"""

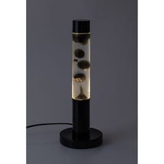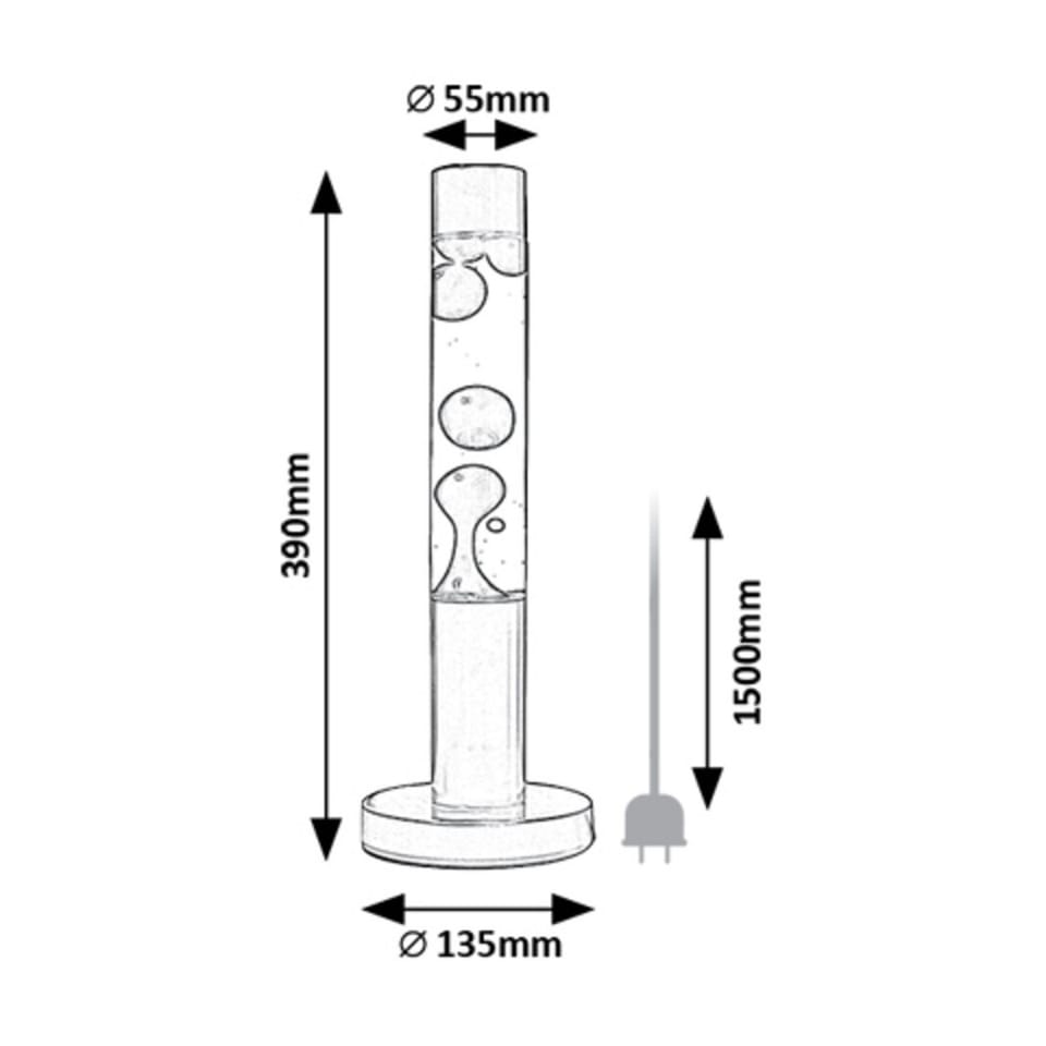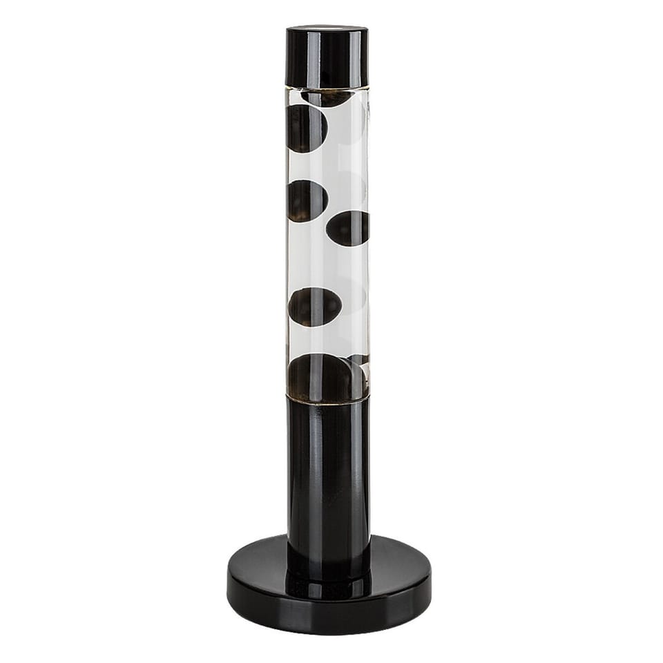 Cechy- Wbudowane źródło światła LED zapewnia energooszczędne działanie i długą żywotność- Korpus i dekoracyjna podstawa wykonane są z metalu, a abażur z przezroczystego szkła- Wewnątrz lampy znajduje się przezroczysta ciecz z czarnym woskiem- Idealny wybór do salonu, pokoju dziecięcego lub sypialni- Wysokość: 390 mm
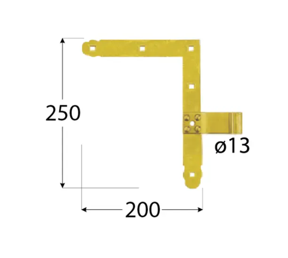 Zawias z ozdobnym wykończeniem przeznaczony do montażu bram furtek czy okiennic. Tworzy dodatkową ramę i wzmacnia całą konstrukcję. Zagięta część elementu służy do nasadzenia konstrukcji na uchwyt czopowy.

"""
"""

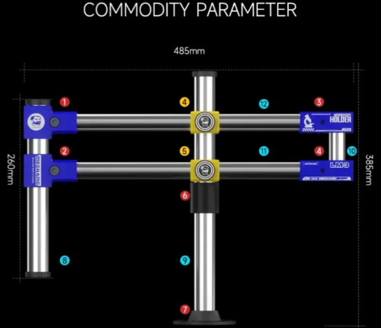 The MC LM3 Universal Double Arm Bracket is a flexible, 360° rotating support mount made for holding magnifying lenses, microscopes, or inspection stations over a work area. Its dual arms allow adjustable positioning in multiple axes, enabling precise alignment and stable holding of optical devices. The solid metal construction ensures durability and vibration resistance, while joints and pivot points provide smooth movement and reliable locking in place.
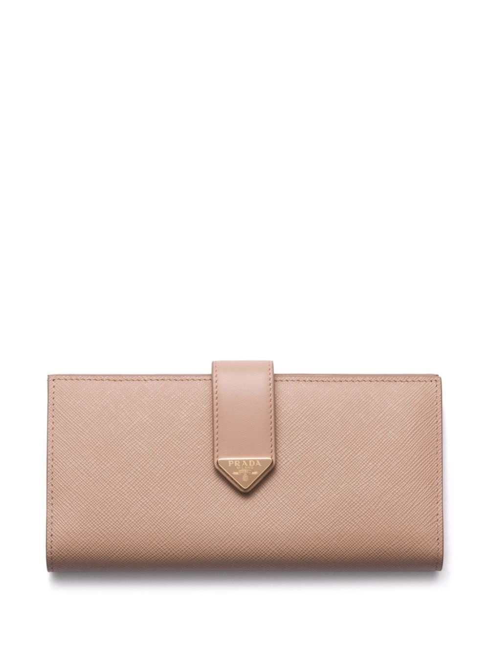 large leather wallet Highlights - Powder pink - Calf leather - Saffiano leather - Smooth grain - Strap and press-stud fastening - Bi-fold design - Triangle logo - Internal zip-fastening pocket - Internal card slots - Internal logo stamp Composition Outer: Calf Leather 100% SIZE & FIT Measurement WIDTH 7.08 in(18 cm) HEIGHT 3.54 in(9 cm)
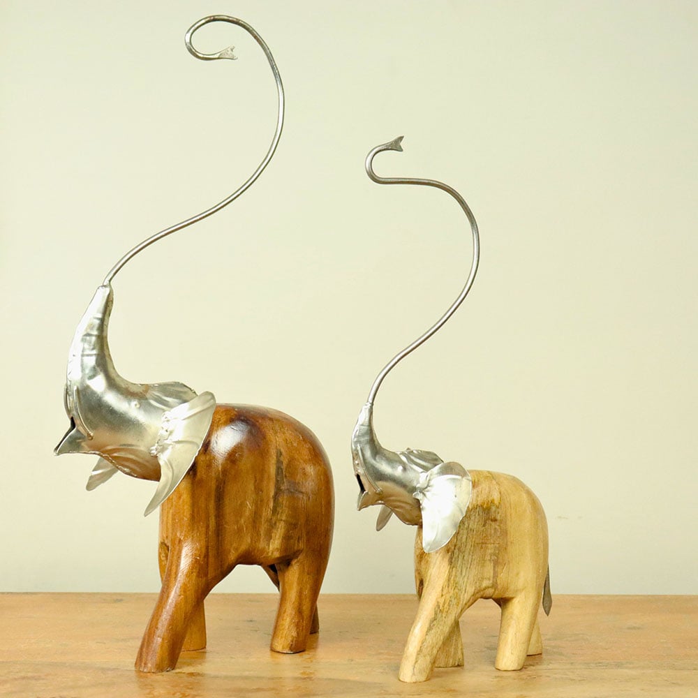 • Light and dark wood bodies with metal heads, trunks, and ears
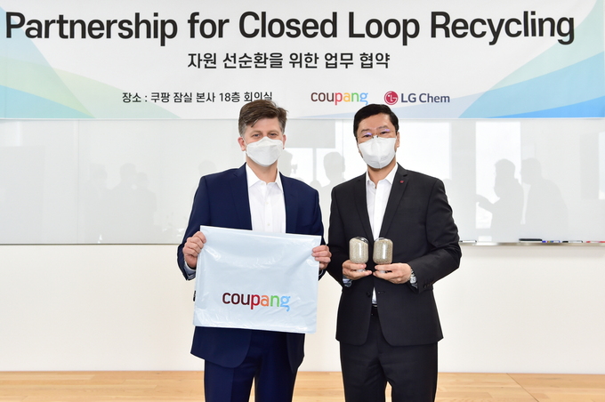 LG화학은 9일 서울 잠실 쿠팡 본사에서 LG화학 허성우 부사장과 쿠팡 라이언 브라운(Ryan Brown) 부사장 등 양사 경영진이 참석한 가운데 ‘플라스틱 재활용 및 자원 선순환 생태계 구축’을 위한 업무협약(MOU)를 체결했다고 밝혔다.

"""
"""

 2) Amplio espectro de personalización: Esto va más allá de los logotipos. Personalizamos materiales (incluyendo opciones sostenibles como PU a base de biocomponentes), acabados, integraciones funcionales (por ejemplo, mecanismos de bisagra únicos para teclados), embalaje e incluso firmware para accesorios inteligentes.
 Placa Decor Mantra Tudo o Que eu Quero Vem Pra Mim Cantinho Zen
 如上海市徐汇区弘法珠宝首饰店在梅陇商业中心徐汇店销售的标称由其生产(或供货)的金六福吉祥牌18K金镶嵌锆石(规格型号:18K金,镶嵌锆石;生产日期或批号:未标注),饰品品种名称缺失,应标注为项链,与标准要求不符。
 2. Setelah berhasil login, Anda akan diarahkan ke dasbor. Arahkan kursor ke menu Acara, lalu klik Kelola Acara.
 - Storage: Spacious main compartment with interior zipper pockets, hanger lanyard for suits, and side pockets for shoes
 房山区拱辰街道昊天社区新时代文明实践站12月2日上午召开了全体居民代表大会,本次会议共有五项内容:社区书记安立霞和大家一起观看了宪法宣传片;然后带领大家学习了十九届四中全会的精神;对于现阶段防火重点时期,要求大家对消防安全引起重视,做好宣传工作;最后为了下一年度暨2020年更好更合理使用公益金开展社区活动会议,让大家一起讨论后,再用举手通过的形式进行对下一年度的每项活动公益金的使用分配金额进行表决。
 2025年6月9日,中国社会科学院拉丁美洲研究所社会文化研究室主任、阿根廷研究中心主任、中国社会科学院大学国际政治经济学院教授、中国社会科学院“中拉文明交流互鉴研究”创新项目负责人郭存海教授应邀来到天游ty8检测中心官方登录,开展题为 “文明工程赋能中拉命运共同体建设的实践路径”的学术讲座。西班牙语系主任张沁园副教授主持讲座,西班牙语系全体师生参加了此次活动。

"""

Using the data above, reproduce exactly the lines from the line that contains "Placa Decor Mantra" through the line that contains "2025年6月9日,中国社会", including both.

 Placa Decor Mantra Tudo o Que eu Quero Vem Pra Mim Cantinho Zen
 如上海市徐汇区弘法珠宝首饰店在梅陇商业中心徐汇店销售的标称由其生产(或供货)的金六福吉祥牌18K金镶嵌锆石(规格型号:18K金,镶嵌锆石;生产日期或批号:未标注),饰品品种名称缺失,应标注为项链,与标准要求不符。
 2. Setelah berhasil login, Anda akan diarahkan ke dasbor. Arahkan kursor ke menu Acara, lalu klik Kelola Acara.
 - Storage: Spacious main compartment with interior zipper pockets, hanger lanyard for suits, and side pockets for shoes
 房山区拱辰街道昊天社区新时代文明实践站12月2日上午召开了全体居民代表大会,本次会议共有五项内容:社区书记安立霞和大家一起观看了宪法宣传片;然后带领大家学习了十九届四中全会的精神;对于现阶段防火重点时期,要求大家对消防安全引起重视,做好宣传工作;最后为了下一年度暨2020年更好更合理使用公益金开展社区活动会议,让大家一起讨论后,再用举手通过的形式进行对下一年度的每项活动公益金的使用分配金额进行表决。
 2025年6月9日,中国社会科学院拉丁美洲研究所社会文化研究室主任、阿根廷研究中心主任、中国社会科学院大学国际政治经济学院教授、中国社会科学院“中拉文明交流互鉴研究”创新项目负责人郭存海教授应邀来到天游ty8检测中心官方登录,开展题为 “文明工程赋能中拉命运共同体建设的实践路径”的学术讲座。西班牙语系主任张沁园副教授主持讲座,西班牙语系全体师生参加了此次活动。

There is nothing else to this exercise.